# Entries supplied

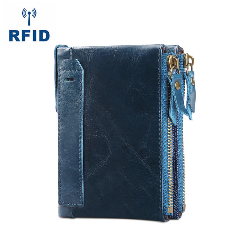 Style: RFID Brown Leather Men's Small Blue Bifold Business Wallet Black Slim billfold Wallet Coin Purse For Men
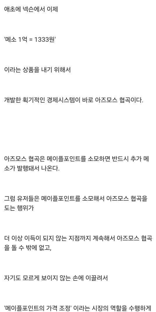 사실상 메이플포인트(현금)으로 메소를 구매하는 컨텐츠인데 이걸 넥슨에서 비율을 약 13000 포인트면 10억을 얻을 수 있게 설계해
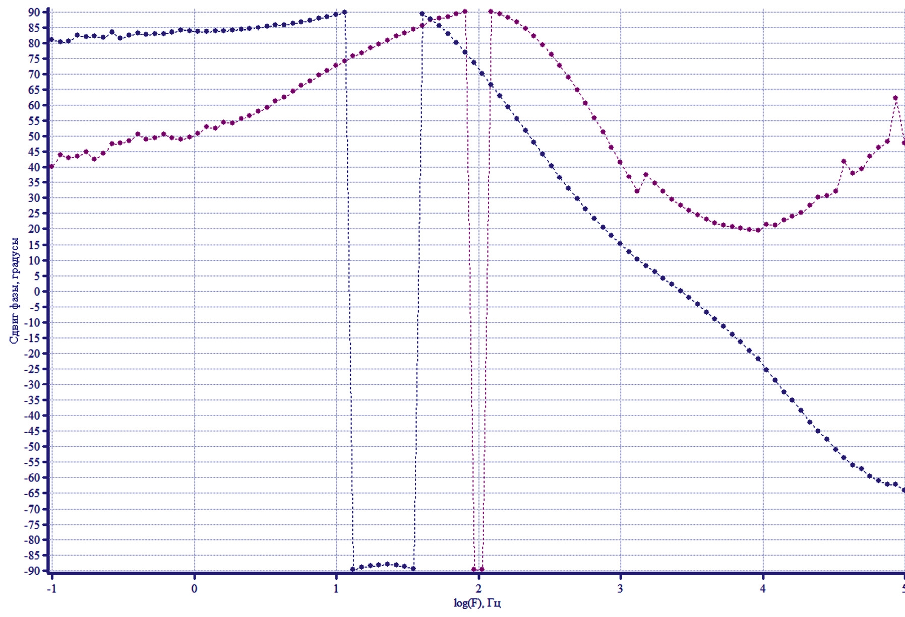 Рис. 11. Диаграмма Боде NiFoam/Cu в растворе KOH + этанол при потенциалах: -350 мВ (фиолетовый); 0 мВ (голубой).
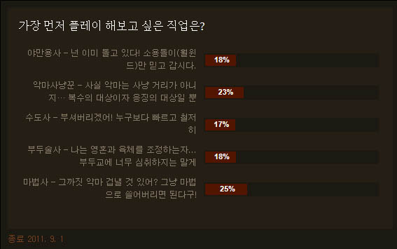 ... ▲ 디아블로3 국내 공식커뮤니티 사이트에서 1일까지 진행된 선호 캐릭터 설문 결과 마법사와 근소한 차이로 2위를 차지한 직업은 아마존과 어쌔신의 특징을 고루 갖춘 악마사냥꾼(23%)로 딱 2%가 아쉽다. 뒤를 이어 부두술사(18%)와 야만용사(18%)로 공동 3위를,
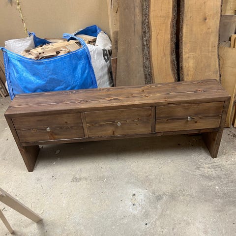 stilig sideboard i träd, bra förvaring av hushållsartiklar, leksaker m.m.
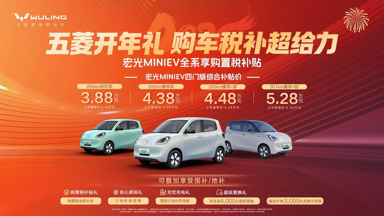 购置税政策有调整怎么办?宏光MINIEV为你出主意! 2026年刚开年,新能源汽车市场的购置税政策就有变化,这使得不少消费者举棋不定,开始观望。在这样的大背景下,上汽通用五菱出手了,先是缤果家族优惠齐齐上线,购置税全额补贴、至高5,000元置换补贴、赠送价值950元交强险、金融至高贴息2000元、赠送价值3000元3M太阳膜、赠送3.5kW充电桩等福利多多,又针对宏光MINIEV给到购置税全额补贴、至高4000元的无门槛超级置换补贴等政策支持,吸引了大量消费者的关注。 作为新能源代步车市场领导者,宏光MINIEV家族累计销量超190万辆,无论是市场表现还是口碑反响,都相当出彩。 宏光MINIEV家族能有如此出色的成绩,主要是其产品力给力。以宏光MINIEV四门版为例,既保留了小巧车身好开好停的优势,还在同级大部分车型采用双门布局的情况下,采用了四门四座布局,让后排乘客可以自由出入,方便又省心。而且宏光MINIEV四门版纯电续航最高达到301km,可以覆盖我们多样化的出行需求。 另外,宏光MINIEV超190万用户还共同构建了一个庞大的兴趣社群,车友会、改装聚会等活动层出不穷,车主们还自发地分享用车心得、创意改装与生活点滴,从而形成了宏光MINIEV车友圈和文化圈,宏光MINIEV也成为一张独特的社交名片,可以承载车主们的情绪价值。 可以说,趁着这个窗口调整期,入手缤果家族和宏光MINIEV都正是时候!
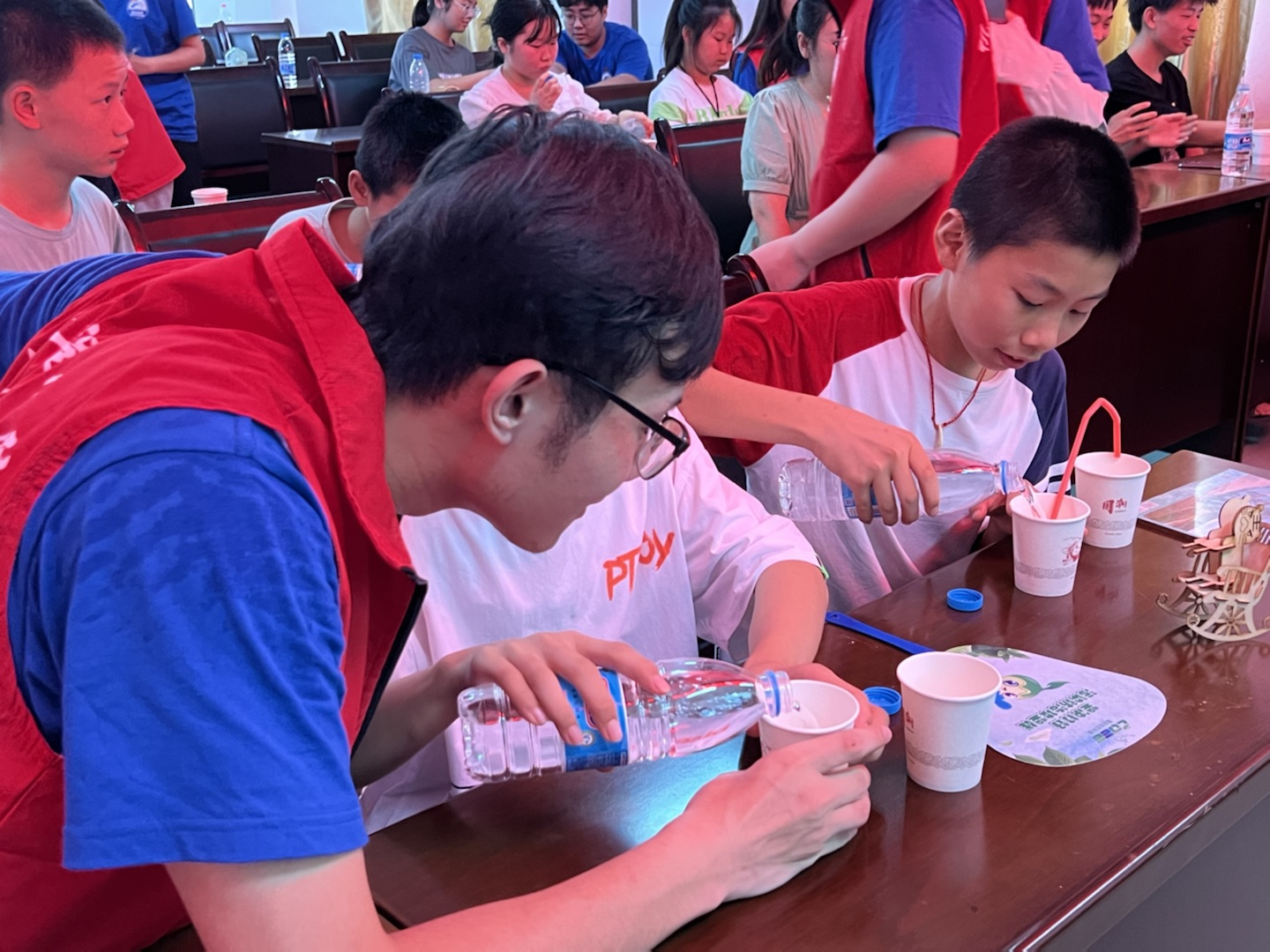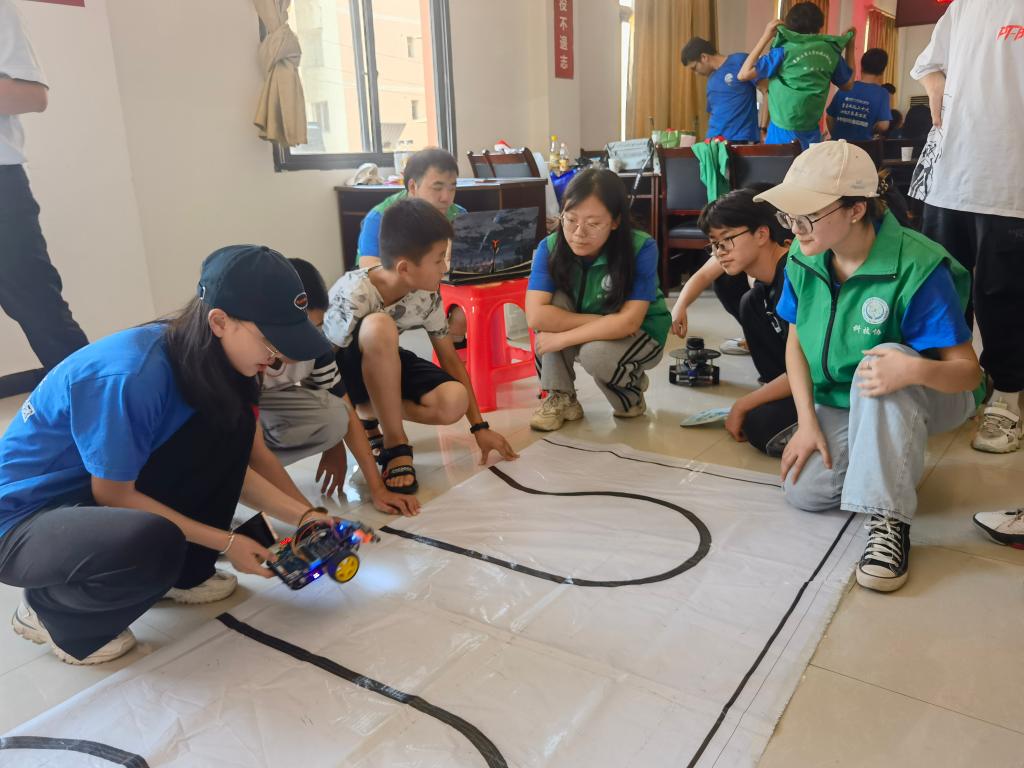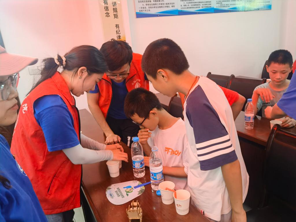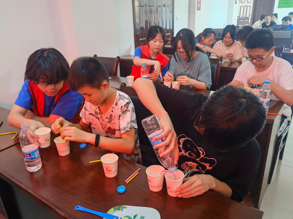 实践团成员们还带领学生们开展了科普小实验——“蓝海沉浮”和“流动的水”。让同学们直观地看到科学的奥秘,学到酸碱中和产生气体的化学知识和U形管“虹吸现象”的物理知识,加深了他们的理解。
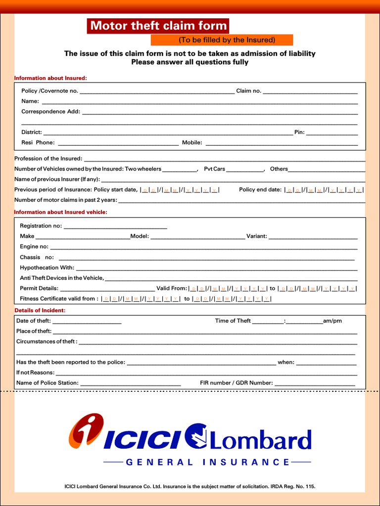 Motor Claim Form Theft | Insurance | Social Institutions | Free 30-day
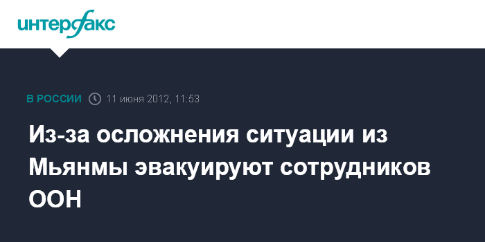 Нью-Йорк (ООН). 11 июня. INTERFAX.RU - ООН в понедельник объявила о начале вывода персонала из Мьянмы (Бирмы) в связи с осложнением ситуации в стране, что привело к введению на части территории страны режима чрезвычайного положения. Пока эвакуация проводится на добровольной основе.
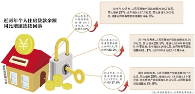 2018年全年房地產(chǎn)貸款增加6.45萬億元,占同期各項貸款增量的39.9%,比2017年占比低1.2個百分點
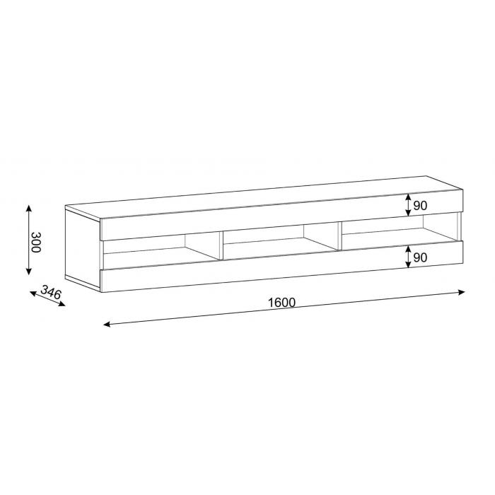 Szafka rtv jest uniwersalna , gdyż może być stojąca wysokość 32 cm lub wisząca przymocowana do ściany wysokość 30 cm, możliwość wyboru przy montażu. Posiada trzy otwarte półki. Mebel, który z pewności pomieści sprzęt RTV, konsole, sprzęt grający lub piloty, ale także inne nasze drobiazgi, akcesoria, czy książki.
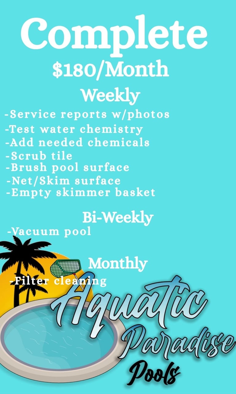 *Are you fed up with unreliable pool technicians, missed appointments, or even inexperienced service? Leaving you questioning what am I actually paying for At Aquatic Paradise Pools, you can relax knowing you're receiving premium pool care along with detailed updates. Therefore, you can enjoy that vacation you had in mind while still receiving weekly detailed reports with photographs, as we understand it’s essential for you to relax, knowing you're in the hands of a qualified professional. No unexpected issues, just high-quality work; let us transform your pool into a paradise.

# Task objective
Recreate the listing above word for word, dropping each picture it contains.

# Solution
 Style: RFID Brown Leather Men's Small Blue Bifold Business Wallet Black Slim billfold Wallet Coin Purse For Men
 사실상 메이플포인트(현금)으로 메소를 구매하는 컨텐츠인데 이걸 넥슨에서 비율을 약 13000 포인트면 10억을 얻을 수 있게 설계해
 Рис. 11. Диаграмма Боде NiFoam/Cu в растворе KOH + этанол при потенциалах: -350 мВ (фиолетовый); 0 мВ (голубой).
 ... ▲ 디아블로3 국내 공식커뮤니티 사이트에서 1일까지 진행된 선호 캐릭터 설문 결과 마법사와 근소한 차이로 2위를 차지한 직업은 아마존과 어쌔신의 특징을 고루 갖춘 악마사냥꾼(23%)로 딱 2%가 아쉽다. 뒤를 이어 부두술사(18%)와 야만용사(18%)로 공동 3위를,
 stilig sideboard i träd, bra förvaring av hushållsartiklar, leksaker m.m.
 购置税政策有调整怎么办?宏光MINIEV为你出主意! 2026年刚开年,新能源汽车市场的购置税政策就有变化,这使得不少消费者举棋不定,开始观望。在这样的大背景下,上汽通用五菱出手了,先是缤果家族优惠齐齐上线,购置税全额补贴、至高5,000元置换补贴、赠送价值950元交强险、金融至高贴息2000元、赠送价值3000元3M太阳膜、赠送3.5kW充电桩等福利多多,又针对宏光MINIEV给到购置税全额补贴、至高4000元的无门槛超级置换补贴等政策支持,吸引了大量消费者的关注。 作为新能源代步车市场领导者,宏光MINIEV家族累计销量超190万辆,无论是市场表现还是口碑反响,都相当出彩。 宏光MINIEV家族能有如此出色的成绩,主要是其产品力给力。以宏光MINIEV四门版为例,既保留了小巧车身好开好停的优势,还在同级大部分车型采用双门布局的情况下,采用了四门四座布局,让后排乘客可以自由出入,方便又省心。而且宏光MINIEV四门版纯电续航最高达到301km,可以覆盖我们多样化的出行需求。 另外,宏光MINIEV超190万用户还共同构建了一个庞大的兴趣社群,车友会、改装聚会等活动层出不穷,车主们还自发地分享用车心得、创意改装与生活点滴,从而形成了宏光MINIEV车友圈和文化圈,宏光MINIEV也成为一张独特的社交名片,可以承载车主们的情绪价值。 可以说,趁着这个窗口调整期,入手缤果家族和宏光MINIEV都正是时候!
 实践团成员们还带领学生们开展了科普小实验——“蓝海沉浮”和“流动的水”。让同学们直观地看到科学的奥秘,学到酸碱中和产生气体的化学知识和U形管“虹吸现象”的物理知识,加深了他们的理解。
 Motor Claim Form Theft | Insurance | Social Institutions | Free 30-day
 Нью-Йорк (ООН). 11 июня. INTERFAX.RU - ООН в понедельник объявила о начале вывода персонала из Мьянмы (Бирмы) в связи с осложнением ситуации в стране, что привело к введению на части территории страны режима чрезвычайного положения. Пока эвакуация проводится на добровольной основе.
 2018年全年房地產(chǎn)貸款增加6.45萬億元,占同期各項貸款增量的39.9%,比2017年占比低1.2個百分點
 Szafka rtv jest uniwersalna , gdyż może być stojąca wysokość 32 cm lub wisząca przymocowana do ściany wysokość 30 cm, możliwość wyboru przy montażu. Posiada trzy otwarte półki. Mebel, który z pewności pomieści sprzęt RTV, konsole, sprzęt grający lub piloty, ale także inne nasze drobiazgi, akcesoria, czy książki.
 *Are you fed up with unreliable pool technicians, missed appointments, or even inexperienced service? Leaving you questioning what am I actually paying for At Aquatic Paradise Pools, you can relax knowing you're receiving premium pool care along with detailed updates. Therefore, you can enjoy that vacation you had in mind while still receiving weekly detailed reports with photographs, as we understand it’s essential for you to relax, knowing you're in the hands of a qualified professional. No unexpected issues, just high-quality work; let us transform your pool into a paradise.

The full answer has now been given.